Now given any string, you are supposed to tell the number of PAT's contained in the string.
字符串APPAPT包含了两个PAT。第一个是由 第二个、第四个、第六个字符组成的,第二个是由第三个第四个第六个字符组成的。
现在给你任意字符串,你需要说出里面包含了几个PAT
Input Specification:
Each input file contains one test case. For each case, there is only one line giving a string of no more than 10^5 characters containing only P, A, or T.
每一个测试样例只有一行,给出了一个不超过10^5个字符组成的字符串。只包含P、A、T三个字母
Output Specification:
For each test case, print in one line the number of PAT's contained in the string.
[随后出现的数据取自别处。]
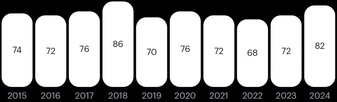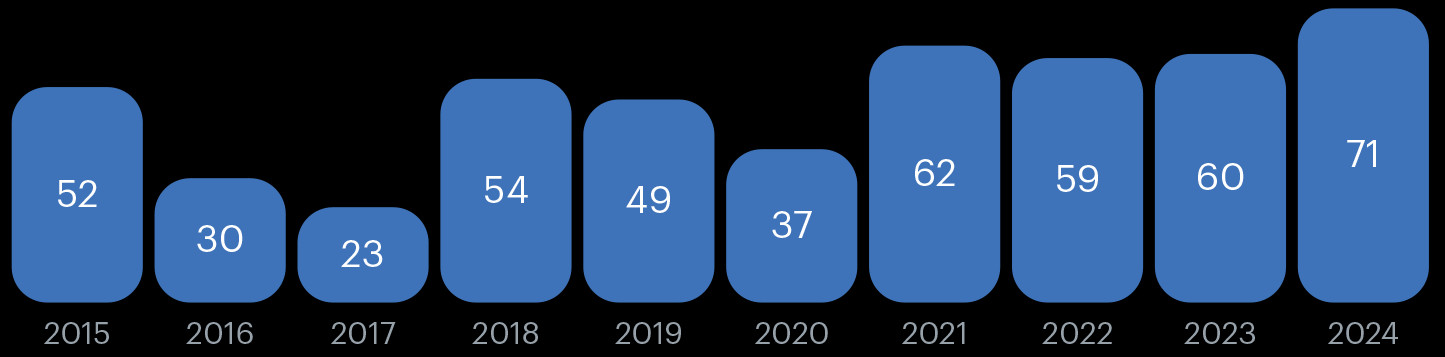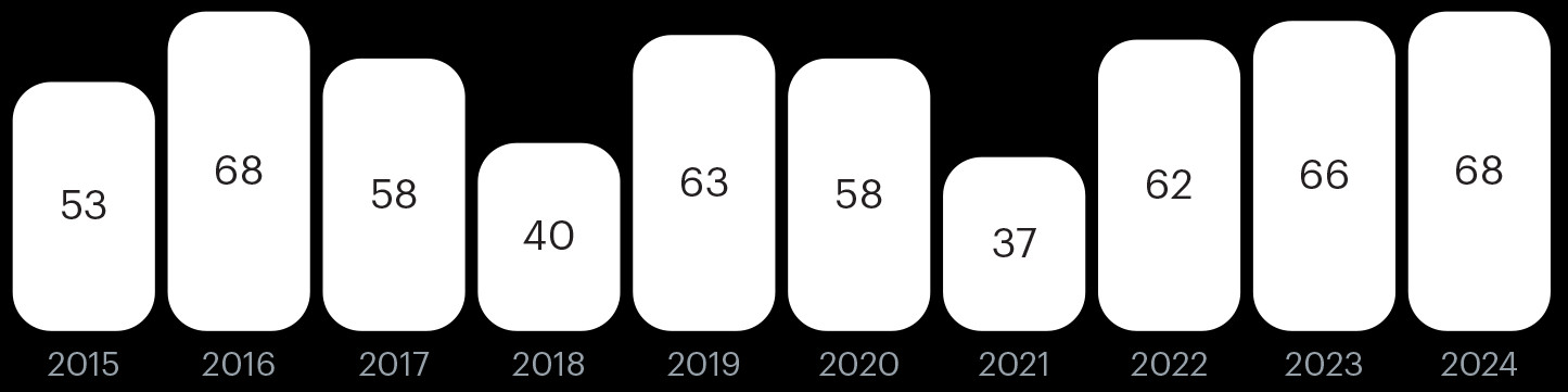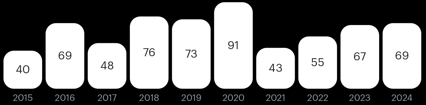 Прежде чем анализировать общие итоги рейтинга, отметим один факт: на удивление большое число компаний показывает значительные и устойчивые темпы роста. Топ-50 самых быстрорастущих нам пришлось выбирать из 770 претендентов, показывавших на протяжении трех лет рост выручки не менее 20% каждый год. И это мы еще выбирали только из тех, чьи продажи в 2023 году были не меньше ₽3,5 млрд, а в 2020 году — больше ₽1 млрд.

Since the result may be a huge number, you only have to output the result moded by 1000000007.
对于每一个测试样例,用一行打印出字符串里包含的PAT的个数,如果结果是一个很大的数字,你只需要输出结果%1000000007
#include<cstdio>
#include<cstring>
const int MAXN=100010;
const int MOD=1000000007;
char str[MAXN];
int leftNumP[MAXN]={0};
int main(){
scanf("%s",str);
int len=strlen(str);
for(int i=0;i<len;i++){
if(i>0){
leftNumP[i]=leftNumP[i-1];//继承上一位的结果
}
if(str[i]=='P') leftNumP[i]++;
}
int ans=0,rightNumT=0;
for(int i=len-1;i>=0;i--){
if(str[i]=='T') rightNumT++;
else if(str[i]=='A') ans=(ans+leftNumP[i]*rightNumT)%MOD;
}
printf("%d\n",ans);
return 0;
}思路:对一个确定位置的A来说,以它形成的PAT的个数等于它左边P的个数乘以它右边T的个数。于是问题转换为:对字符串中的每个A,计算它左边P的个数与它右边T的个数的乘积,然后把所有A的这个乘积相加。